Monday, July 6, 2020

Two Levels of Consciousness

     "Everyone is normal until you get to know them." Dave Sim

     "Bow to your own weakness, your own craziness, your own resistance. Congratulate yourself for them. Truly it is a marvel, the extent to which we are selfish, confused, lazy, resentful, and so on. We come by these things honestly. We have been well trained to manifest them at every turn. This is the prodigy of human life bursting forth at its seams, it is the effect of our upbringing, our society, which we appreciate even as we are trying to tame it and bring it gently round to the good. So we make offerings to the demons inside us and we develop a sense of humorous appreciation for our own stupidity. We are in good company! We can laugh at ourselves and everyone else.”
       Norman Fischer, Shambhala Sun, March 2013

     ALL of us have (at least) two levels of consciousness or 'kinds of psychological history':
     "One is the history of pain, discouragement, missed opportunities, unfulfilled hopes, and unrealized possibilities in relationships. Such a history of neurosis has a compelling quality that can freeze the therapeutic relationship into an endless dissection, searching for the origin of inhibited development.

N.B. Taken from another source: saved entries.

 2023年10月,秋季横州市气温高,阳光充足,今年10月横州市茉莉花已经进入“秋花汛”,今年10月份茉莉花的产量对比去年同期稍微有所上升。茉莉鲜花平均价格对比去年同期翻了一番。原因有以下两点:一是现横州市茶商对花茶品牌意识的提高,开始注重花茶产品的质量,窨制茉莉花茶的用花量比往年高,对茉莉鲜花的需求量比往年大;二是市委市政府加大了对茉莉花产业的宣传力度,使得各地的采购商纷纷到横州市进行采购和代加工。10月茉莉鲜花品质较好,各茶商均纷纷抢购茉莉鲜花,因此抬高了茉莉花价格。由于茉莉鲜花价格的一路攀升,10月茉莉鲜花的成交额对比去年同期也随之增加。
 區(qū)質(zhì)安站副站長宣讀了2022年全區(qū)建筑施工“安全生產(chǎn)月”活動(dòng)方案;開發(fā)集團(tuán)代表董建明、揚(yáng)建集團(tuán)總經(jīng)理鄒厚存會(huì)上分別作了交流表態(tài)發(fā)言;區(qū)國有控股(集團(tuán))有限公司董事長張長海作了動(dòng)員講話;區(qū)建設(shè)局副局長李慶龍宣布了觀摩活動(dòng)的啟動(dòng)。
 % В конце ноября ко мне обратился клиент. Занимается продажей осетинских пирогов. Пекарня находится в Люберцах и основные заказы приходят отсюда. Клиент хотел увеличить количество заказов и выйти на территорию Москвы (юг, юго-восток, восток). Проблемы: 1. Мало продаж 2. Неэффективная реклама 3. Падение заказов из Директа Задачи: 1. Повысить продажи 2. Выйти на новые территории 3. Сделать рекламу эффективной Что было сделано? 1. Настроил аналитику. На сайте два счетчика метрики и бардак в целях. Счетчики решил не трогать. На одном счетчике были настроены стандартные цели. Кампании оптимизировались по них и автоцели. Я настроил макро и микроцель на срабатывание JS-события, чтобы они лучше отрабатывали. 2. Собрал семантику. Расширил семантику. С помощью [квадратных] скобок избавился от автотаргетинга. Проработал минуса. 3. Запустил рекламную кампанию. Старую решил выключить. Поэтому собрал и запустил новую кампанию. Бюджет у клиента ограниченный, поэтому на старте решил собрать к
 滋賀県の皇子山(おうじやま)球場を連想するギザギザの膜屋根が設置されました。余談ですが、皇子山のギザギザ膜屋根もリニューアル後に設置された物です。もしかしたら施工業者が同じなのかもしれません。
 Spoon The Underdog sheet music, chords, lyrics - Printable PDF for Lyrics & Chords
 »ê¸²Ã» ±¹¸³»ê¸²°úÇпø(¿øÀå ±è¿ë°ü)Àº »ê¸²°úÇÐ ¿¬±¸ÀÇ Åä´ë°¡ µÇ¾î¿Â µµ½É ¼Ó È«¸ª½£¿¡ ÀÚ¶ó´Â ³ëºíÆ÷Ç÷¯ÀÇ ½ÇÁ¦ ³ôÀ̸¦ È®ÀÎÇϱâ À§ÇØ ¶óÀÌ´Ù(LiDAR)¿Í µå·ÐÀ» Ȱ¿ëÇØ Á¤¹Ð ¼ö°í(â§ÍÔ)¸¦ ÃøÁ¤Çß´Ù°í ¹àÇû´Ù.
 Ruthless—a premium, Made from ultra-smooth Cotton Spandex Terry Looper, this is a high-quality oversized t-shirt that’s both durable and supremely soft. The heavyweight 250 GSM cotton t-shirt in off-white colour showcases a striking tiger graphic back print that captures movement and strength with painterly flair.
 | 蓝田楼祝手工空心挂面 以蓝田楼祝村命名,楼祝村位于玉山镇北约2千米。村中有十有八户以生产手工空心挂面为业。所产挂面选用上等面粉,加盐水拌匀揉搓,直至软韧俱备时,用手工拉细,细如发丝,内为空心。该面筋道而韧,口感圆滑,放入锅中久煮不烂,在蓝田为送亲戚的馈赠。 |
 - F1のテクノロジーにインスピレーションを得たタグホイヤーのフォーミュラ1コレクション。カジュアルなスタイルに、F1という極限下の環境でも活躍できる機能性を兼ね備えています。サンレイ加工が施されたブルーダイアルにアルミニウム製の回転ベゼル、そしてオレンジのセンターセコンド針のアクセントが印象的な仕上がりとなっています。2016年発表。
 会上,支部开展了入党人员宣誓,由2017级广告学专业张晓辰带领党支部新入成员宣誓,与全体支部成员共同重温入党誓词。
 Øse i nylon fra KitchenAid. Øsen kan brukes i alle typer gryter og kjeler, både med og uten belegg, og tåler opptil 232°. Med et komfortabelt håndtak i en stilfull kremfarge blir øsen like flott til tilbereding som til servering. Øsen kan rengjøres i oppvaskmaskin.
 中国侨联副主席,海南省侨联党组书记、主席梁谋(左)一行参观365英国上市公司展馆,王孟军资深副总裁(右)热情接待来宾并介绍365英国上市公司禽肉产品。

The implicit question becomes, ‘Where did things go wrong?’ Such a story is frequently filled with fear, guilt, blame, and aggression; it resembles the history of nations at war, where one war inexorably triggers another in the ageless recycling of insult and territorial revenge. The story line threads together a variety of memories with an explanation of why one event follows another and how one got to be the way one is.
     On the other hand, embedded within the history of neurosis is another kind of history – the history of SANITY. The history of sanity is episodic and often appears fleeting and subtle. This history of wakefulness, dignity, and patience is often lost by people in despair. To perceive the history of sanity, we need the curiosity and effort to look beyond immediate appearances
     When the psychotherapist relates directly to wakefulness and becomes curious about the history of sanity, a different kind of relationship can develop: one of mutual appreciation and trust, not based on dependency, hope, or even memory." 
       Edward Podvoll MD in John Welwood ed. “Awakening the Heart. East / West Approaches to Psychotherapy and the Healing Relationship.” Shambhala, 1983.

     In Zen meditation - zazen - we 'just sit.' We sit still, letting go of all the baggage - all our habitual physical / mental / emotional gymnastics. What remains is our original nature - 'our original face, before our mother & father were born.'
     These gymnastics can have a lot of momentum & can keep arising, but instead of habitually entertaining / maintaining / reinforcing these, in this form of meditation we only observe their arising, abiding & natural passing away (which all phenomena do) and we keep embodying our original nature
     With patient skillful practice, the intrusiveness of the gymnastics progressively, strikingly diminishes, and gradually & progressively we embody our original nature with growing consistency, regardless of internal / external conditions.

     "The term 'perennial philosophy' was coined by Agostino Steuco (1497-1548) and refers to a fourfold realization: 
          (1) there is only one Reality (call it, among other names, God, Mother, Tao, Allah, Dharmakaya, Brahman, or Great Spirit) that is the source and substance of all creation; 
          (2) that while each of us is a manifestation of this Reality, most of us identify with something much smaller, that is, our culturally conditioned individual ego; 
          (3) that this identification with the smaller self gives rise to needless anxiety, unnecessary suffering, and cross-cultural competition and violence; and 
          (4) that peace, compassion, and justice naturally replace anxiety, needless suffering, competition, and violence when we realize our true nature as a manifestation of this singular Reality. 
     The great sages and mystics of every civilization throughout human history have taught these truths in the language of their time and culture. It is the universality and timelessness of this wisdom that makes it the perfect focus for the spiritually independent seeker."
       Rami Shapiro. “Perennial Wisdom for the Spiritually Independent.” SkyLight Paths, 2013.